4

1

My understanding is that for some types of seq2seq models, you train an encoder and a decoder, and then you set aside the encoder and use only the decoder for the prediction step. For example this seq2seq time series prediction model from Uber:

Now I am trying to implement a to version of this in Keras.

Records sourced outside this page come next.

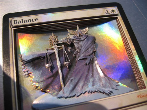 While that card looks amazing, Ohkubo mentioned that he didn't like working on foil cards because they are much harder to cut and manipulate. At the time, I didn't think much of it; I was only cutting Middle Earth cards, and they never made foils. Once I switched to Magic cards, however, the question was constant.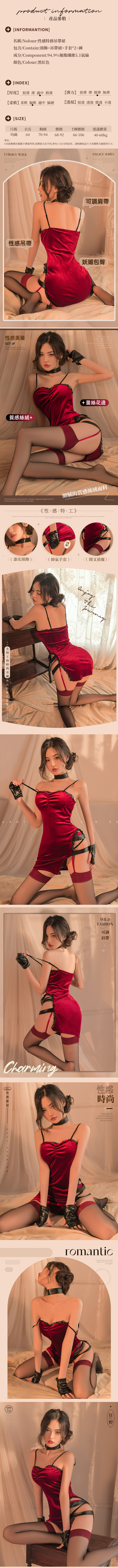 性感吊帶特務漆皮開叉鏤空連身套裝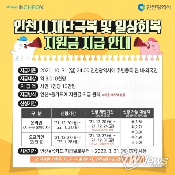 일상회복지원금은 지난 10월 말 기준 인천에 거주하는 모든 내외국인에게 1명당 10만원씩 지급되고, 인천이음 충전금보다 우선 사용된다.

This is the Keras code for a vanilla LSTM:

```
# define model
model = Sequential()
model.add(LSTM(50, activation='relu', input_shape=(n_steps, n_features)))
model.add(Dense(1))
model.compile(optimizer='adam', loss='mse')
# train model
model.fit(X, y, epochs=200, verbose=0)
# predict
x_input = array([70, 80, 90])
x_input = x_input.reshape((1, n_steps, n_features))
yhat = model.predict(x_input, verbose=0)
```

This is the Keras code for a stacked LSTM model:

```
# define model
model = Sequential()
model.add(LSTM(50, activation='relu', return_sequences=True, input_shape=(n_steps, n_features)))
model.add(LSTM(50, activation='relu'))
model.add(Dense(1))
model.compile(optimizer='adam', loss='mse')
# train model
model.fit(X, y, epochs=200, verbose=0)
# predict
x_input = array([70, 80, 90])
x_input = x_input.reshape((1, n_steps, n_features))
yhat = model.predict(x_input, verbose=0)
print(yhat)
```

And this is the Keras code for an encoder-decoder model:

```
# define model
model = Sequential()
model.add(LSTM(100, activation='relu', input_shape=(n_steps_in, n_features)))
model.add(RepeatVector(n_steps_out))
model.add(LSTM(100, activation='relu', return_sequences=True))
model.add(TimeDistributed(Dense(1)))
model.compile(optimizer='adam', loss='mse')
# train model
model.fit(X, y, epochs=100, verbose=0)
# predict
x_input = array([70, 80, 90])
x_input = x_input.reshape((1, n_steps_in, n_features))
yhat = model.predict(x_input, verbose=0)
```

The problem is, I don't see much difference between the encoder-decoder code and the vanilla and stacked LSTM. In particular, I don't see how we are using only the decoder in the predict step, and which variable or method in Keras corresponds to the embedding that we would be using as an input for predicting new time series?

How can I implement the code for a model similar to the one in the illustration using Keras?